In some possible implementations, the multipath bus subsystem further includes a second master node; the N switches further include N4 fourth switches adjacent to the second master node; wherein, any fourth The switch is adjacent to any third switch, or connected through one or more second switches; N4 is a positive integer less than or equal to N; the second master node is used to send multiple times to the first slave node report messages, and based on at least one switch, determine multiple routing paths between the second master node and the first slave node; A switch through which the node goes to the first slave node; wherein, each routing path in the plurality of routing paths passes through at least one or more of the N4 fourth switches and the N2 second switches in sequence S of them, and one or more of said N3 third switches.

In the embodiment of this application, a node device (such as the first slave node) can also be discovered by multiple different hosts, that is, other hosts (such as the second master node) can also be connected to the node device via multiple switches, The enumeration message is sent to the node device multiple times, thereby recording multiple routing paths with the node device, and so on. It greatly expands the scope of use of node devices to meet the needs of each host for a large number of node devices, so that any host can access node devices under other hosts, and then can call more computing resources to perform more complex tasks. Calculation processing. In addition, as mentioned above, although a node device can be used by multiple hosts, it can only be managed by one host. The single host management mechanism can make the management clearer.
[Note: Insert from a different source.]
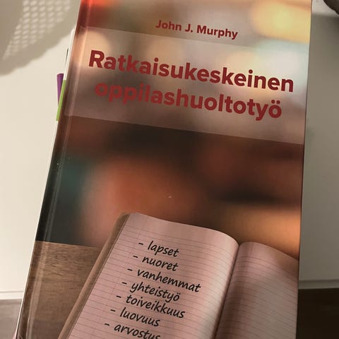 John J. Murphy Ratkaisukeskeinen oppilashuoltotyö kirja käsittelee oppilashuollon menetelmiä ja lähestymistapoja, mukaan lukien lapset, nuoret, vanhemmat, yhteistyö, työkalut, keveyys ja arviointi (ovh 43€).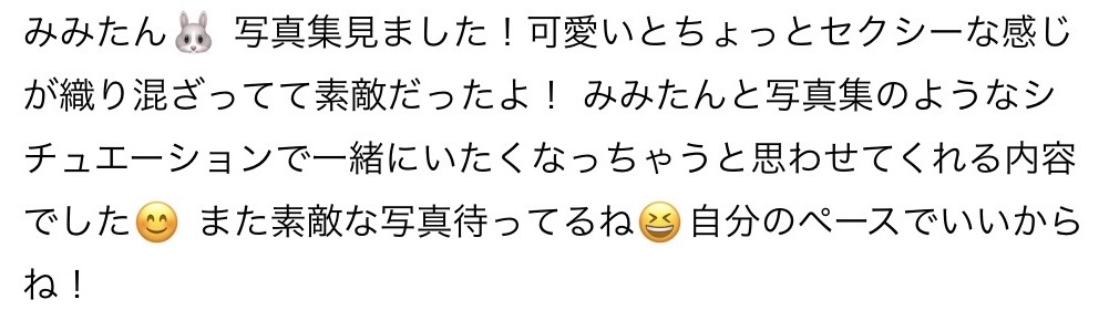 みみたんプログ読ませて頂きました。胸にコンプレックスあるなんて そんな事言ってはいけないよ。みみたんのお母様がお腹痛めてこの世に生を受けて今に至ってるんやし、他の女性より成長ホルモンが活発なの、そりゃ思春期の男性(中学生)は胸が大きいとずっと見続けたりしちゃうからね。僕もそういう経験あるから、みみたんが胸大きいの見られるの嫌な気持ちよくわかるの。でもね今のみみたんは第三弾の写真集で全てを見て欲しい、過去は振り返らずみみと言う進化した姿を見て欲しい感が凄く伝わってくるの。僕は嘘やお世辞言うのが嫌いな性格なんです(医療従事者してるからこんな性格になっちゃったんかも)でもほんまにみみは成長して来てると思うし、撮影の時も感極まって泣いたりしないと思ってるし、相棒のなっちゃんが側にいてくれて良かったと思うし、みみたんはなっちゃんやいいファンに恵まれてると思うよ。これからもみみたんをずっと応援していくし味方ですから。

In some possible implementation manners, the multipath bus subsystem includes a first node domain and a second node domain; the first node domain includes the first master node and multiple first slave nodes, so The second node domain includes the second master node and multiple second slave nodes; the second master node is specifically configured to: all first slave nodes in the first node domain are controlled by the first The master node assigns a device number, and after all the second slave nodes in the domain of the second node are assigned device numbers by the second master node, it sends enumeration messages to the first slave node multiple times, and based on At least one switch determines multiple routing paths between the second master node and the first slave node.

In some possible implementation manners, the N switches further include a first cross-node domain switch belonging to the first node domain, and a second cross-node domain switch belonging to the second node domain; the first cross-node domain switch The first port of the switch is connected to the second port of the second cross-node domain switch; if some or all of the first slave nodes in the first node domain have not been assigned device numbers by the first master node, and/ Or, some or all of the second slave nodes in the second node domain have not been assigned device numbers by the second master node, then the data link between the first port and the second port is in a closed state; if All first slave nodes in the first node domain are assigned device numbers by the first master node, and all second slave nodes in the second node domain are assigned device numbers by the second master node, Then the data link between the first port and the second port is in an open state, so that the second master node sends more data to the first slave node through the second port and the first port An enumeration report is sent for the second time, and multiple routing paths between the second master node and the first slave node are determined based on at least one switch.

In the embodiment of this application, the bus system can be divided into multiple node domains. In this way, the host can further enumerate and discover node devices in other node domains after completing the enumeration and discovery of node devices in the current node domain. , and then record multiple routing paths with node devices in other node domains. In short, the enumeration and discovery process of the host starts from the node domain to which it currently belongs. Before the enumeration and discovery of the node devices in the local node domain is completed, the current node domain may not be connected with any other node domains. Node devices make data stream connections. In this way, it can support multi-host device enumeration discovery under cross-node domains (that is, cross-network or different system management software), and ensure that different enumeration software will not assign multiple device numbers to the same node device. Or a conflict scenario where the same device number is assigned to different node devices.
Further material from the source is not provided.